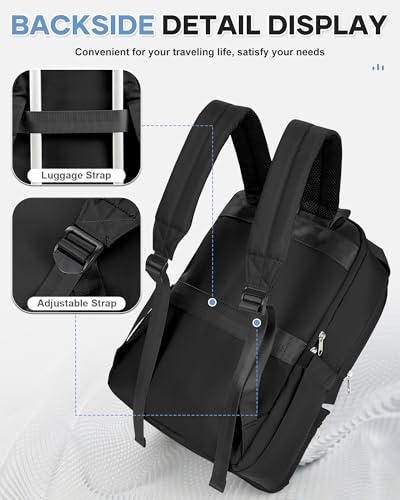 wepadre Black Travel Backpack For Women Men Airline Approved Carry On Bags For Airplanes Personal Item Bag For Airlines Waterproof Hiking Backpack College Laptop Backpack Weekender Overnight Bag 4
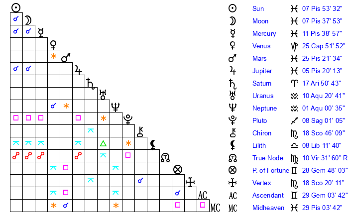 | Sun | 7 Pisces 54 | 8 Pisces 21 | 4 Aries 50 |
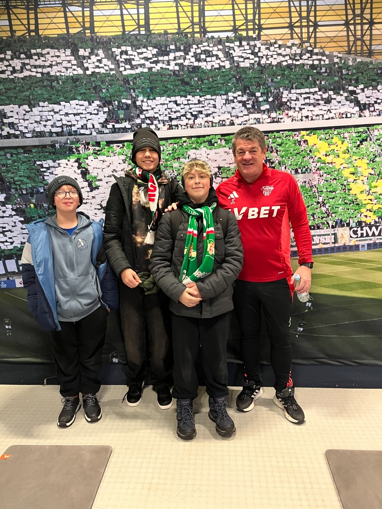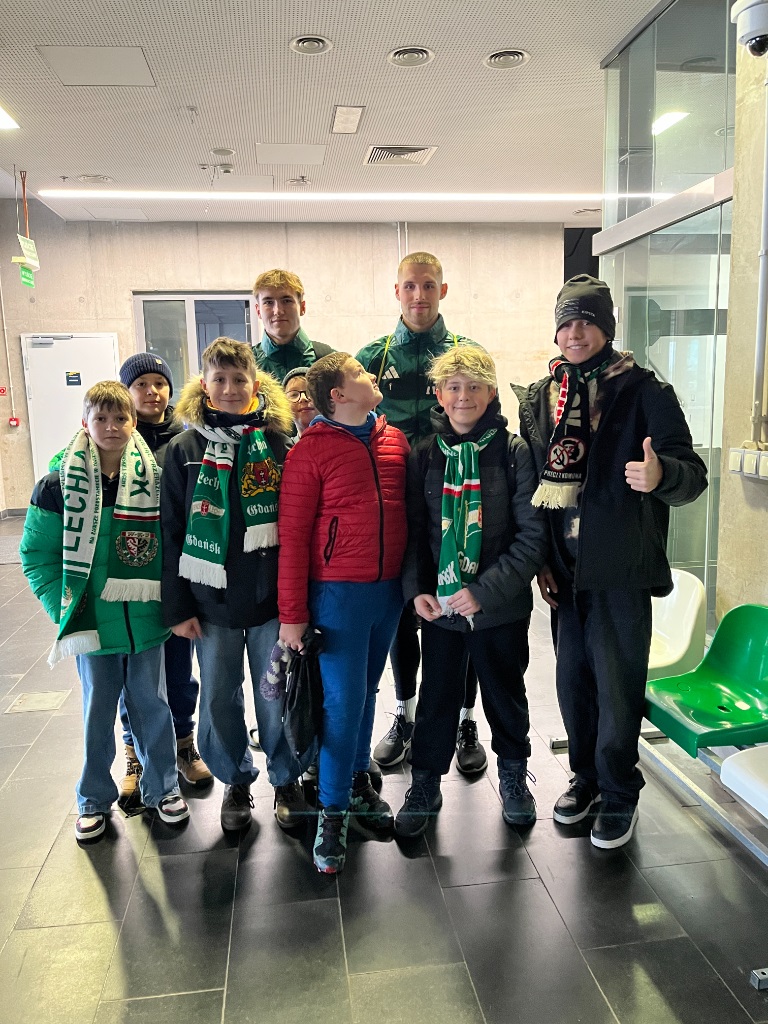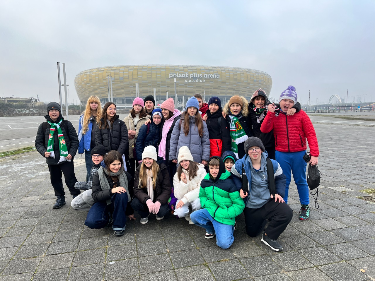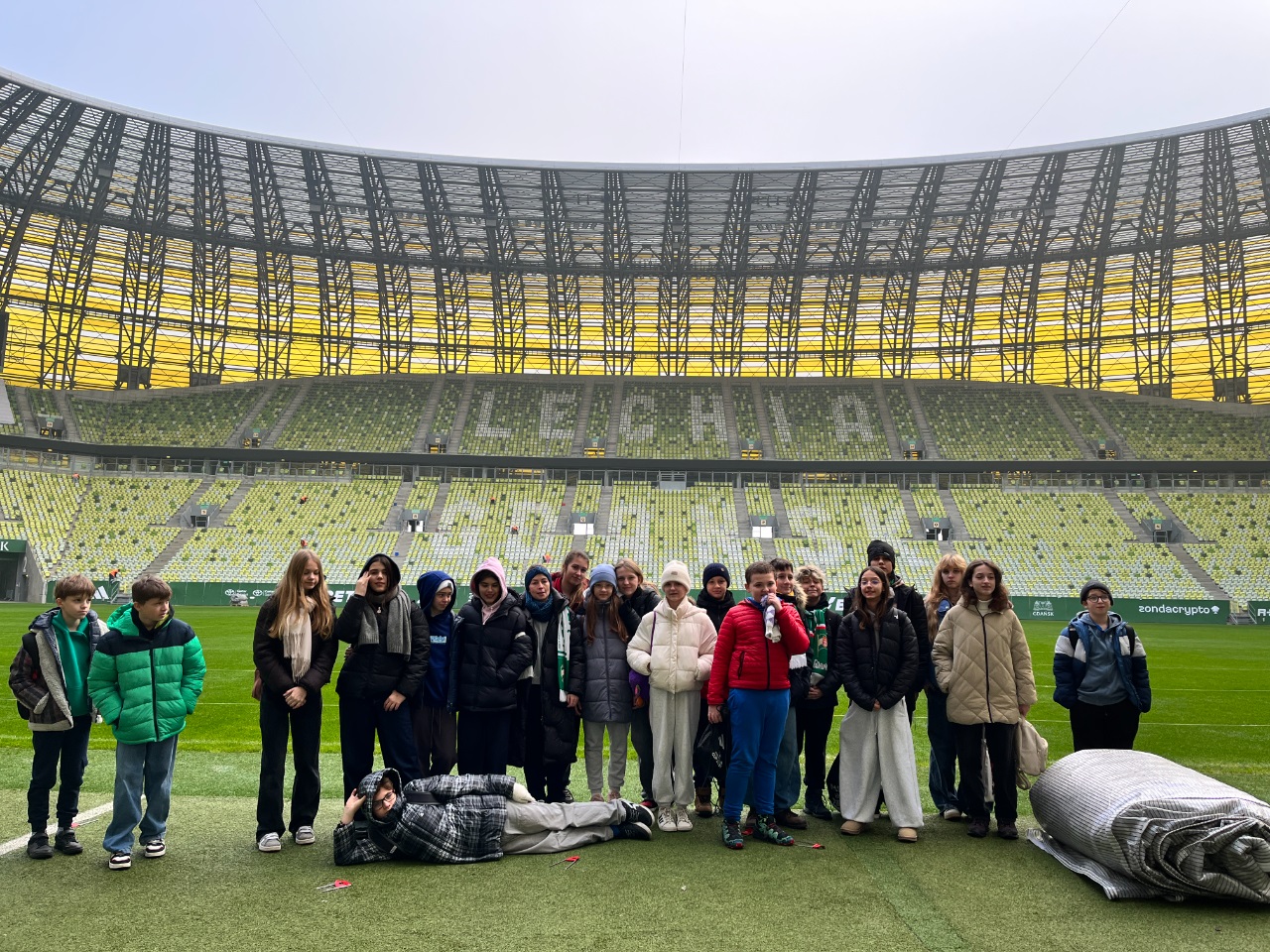 W piątek, 25.11.2025r. klasa 6b odwiedziła Polsat Plus Arenę Gdańsk, co było szczególnym przeżyciem zwłaszcza dla uczniów – wiernych kibiców Lechii Gdańsk. Podczas zwiedzania stadionu dzieci zajrzały do szatni, strefy zawodników i na murawę. Największą radość sprawiły dzieciom pamiątkowe zdjęcia trenerem i piłkarzami.
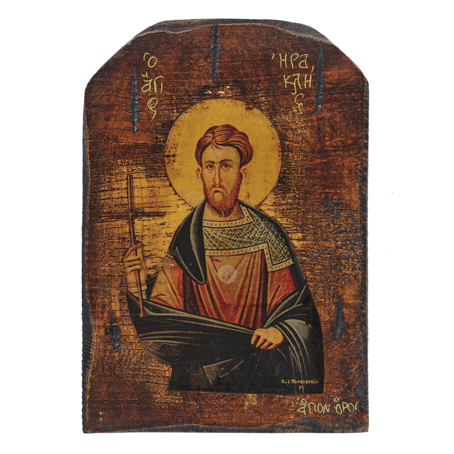 Mount Athos weathered lithography (icon) of Saint Hercules the Martyr in pine wood with carved decoration.
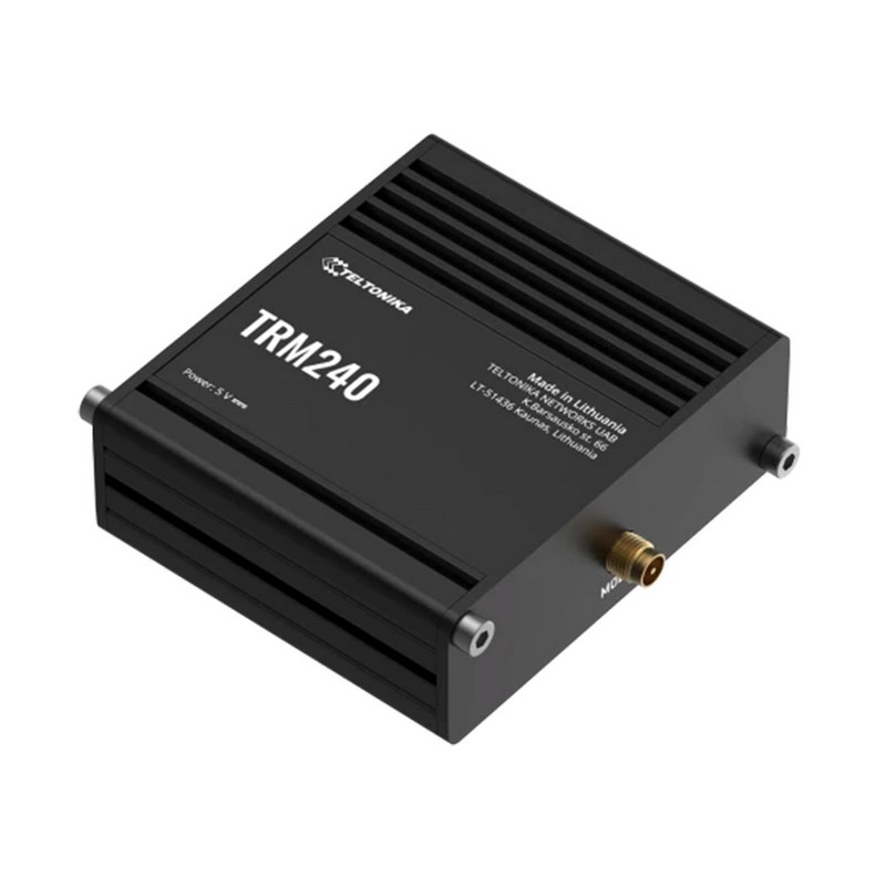 Teltonika TRM240 Modem celular industrial con 4G/LTE (Cat1), 3G, 2G, alimentación MicroUSB (5 VDC), soporte SIM interno, interf

========================================

§ **WHAT THE TASK REQUIRES**: The output should be the lines from the one with "W piątek, 25.11.2025r." through the end of the material above, both ends included, printed exactly and nothing else. Drop the pictures.

§ **EXERCISE SOLUTION**:
 W piątek, 25.11.2025r. klasa 6b odwiedziła Polsat Plus Arenę Gdańsk, co było szczególnym przeżyciem zwłaszcza dla uczniów – wiernych kibiców Lechii Gdańsk. Podczas zwiedzania stadionu dzieci zajrzały do szatni, strefy zawodników i na murawę. Największą radość sprawiły dzieciom pamiątkowe zdjęcia trenerem i piłkarzami.
 Mount Athos weathered lithography (icon) of Saint Hercules the Martyr in pine wood with carved decoration.
 Teltonika TRM240 Modem celular industrial con 4G/LTE (Cat1), 3G, 2G, alimentación MicroUSB (5 VDC), soporte SIM interno, interf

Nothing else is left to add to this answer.